TASK DIRECTIONS
Each record that follows should be repeated exactly, minus any images.

(Extracted data entries)
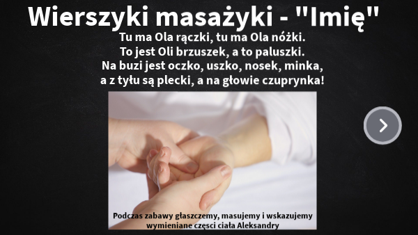 Podczas zabawy głaszczemy, masujemy i wskazujemy wymieniane częsci ciała Aleksandry
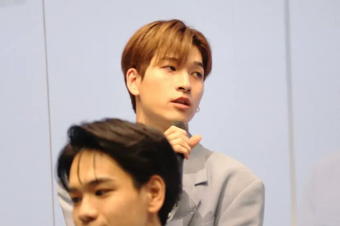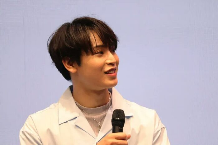 今回のアルバムにはオーディション中の課題曲も収録されていると大平祥生が説明。お気に入りの曲を聞かれた鶴房汐恩は「全部が素晴らしい中で、僕のお気に入りは『SAFETY ZONE』。女性を守るぜ、というテーマの曲なんですけど、序盤はずっとボーカルが続くんです。『ラッパー陣はラップせえへんのかい!』と、思ったら最後にラップがバァンと登場するので、素晴らしいです」と、“ラッパー陣”の一人として、ドヤ顔が隠せない様子。
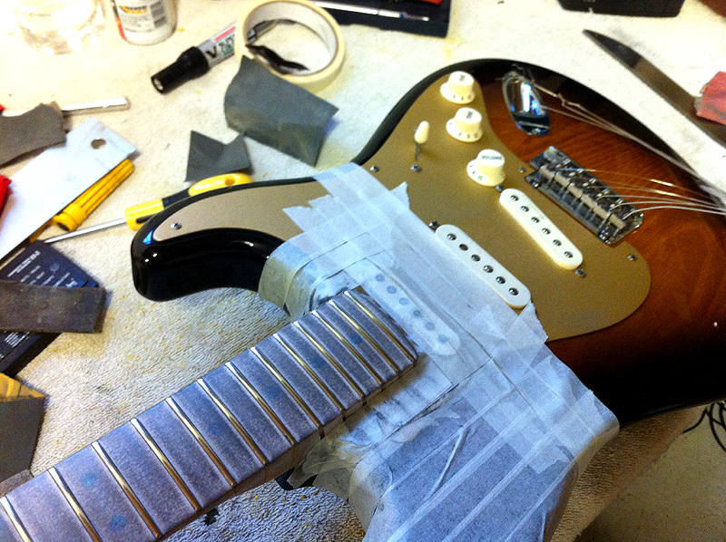 This neck has very pretty birds-eye feathering in the maple. The guitar is finished in nitro-cellulose lacquer. The neck had been finished after the frets had been installed. There was still some of this lacquer covering the edges of some of the frets. This needed scraping before the frets could be dressed.
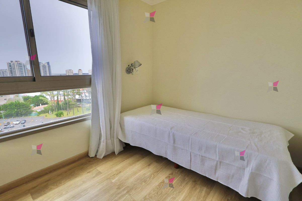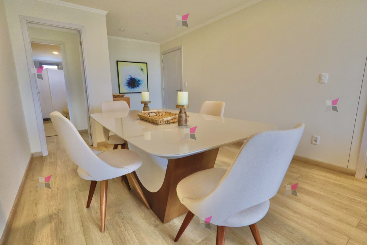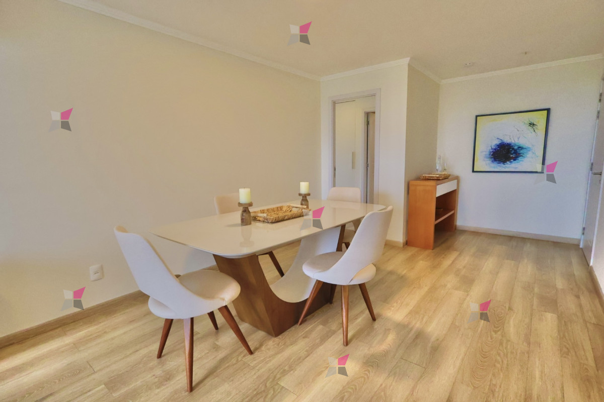 La unidad ofrece un living comedor amplio y luminoso, con salida a un balcón abierto orientado hacia Playa Brava. La cocina es definida y cuenta con lavadero. Dispone de tres dormitorios y dos baños, uno de ellos en suite, lo que lo hace cómodo y funcional para familias. También incluye garage en subsuelo para 1 auto.
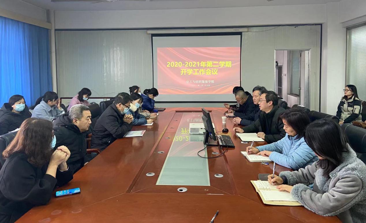 2月26日上午,化工与纺织服装学院在崇文楼811会议室召开新学期开学工作会议,化纺服学院院长王化冰、党总支书记贾格维、副院长刘迪以及学院全体教职工参加会议。
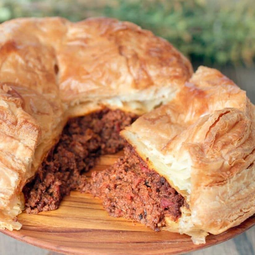 パイ、グルグルのミートパイをホールで
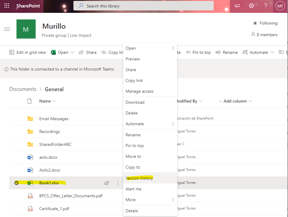 Once you are in SharePoint, again make right click on the Excel file and hit the Version History option.

SOLUTION TO THIS TASK
 Podczas zabawy głaszczemy, masujemy i wskazujemy wymieniane częsci ciała Aleksandry
 今回のアルバムにはオーディション中の課題曲も収録されていると大平祥生が説明。お気に入りの曲を聞かれた鶴房汐恩は「全部が素晴らしい中で、僕のお気に入りは『SAFETY ZONE』。女性を守るぜ、というテーマの曲なんですけど、序盤はずっとボーカルが続くんです。『ラッパー陣はラップせえへんのかい!』と、思ったら最後にラップがバァンと登場するので、素晴らしいです」と、“ラッパー陣”の一人として、ドヤ顔が隠せない様子。
 This neck has very pretty birds-eye feathering in the maple. The guitar is finished in nitro-cellulose lacquer. The neck had been finished after the frets had been installed. There was still some of this lacquer covering the edges of some of the frets. This needed scraping before the frets could be dressed.
 La unidad ofrece un living comedor amplio y luminoso, con salida a un balcón abierto orientado hacia Playa Brava. La cocina es definida y cuenta con lavadero. Dispone de tres dormitorios y dos baños, uno de ellos en suite, lo que lo hace cómodo y funcional para familias. También incluye garage en subsuelo para 1 auto.
 2月26日上午,化工与纺织服装学院在崇文楼811会议室召开新学期开学工作会议,化纺服学院院长王化冰、党总支书记贾格维、副院长刘迪以及学院全体教职工参加会议。
 パイ、グルグルのミートパイをホールで
 Once you are in SharePoint, again make right click on the Excel file and hit the Version History option.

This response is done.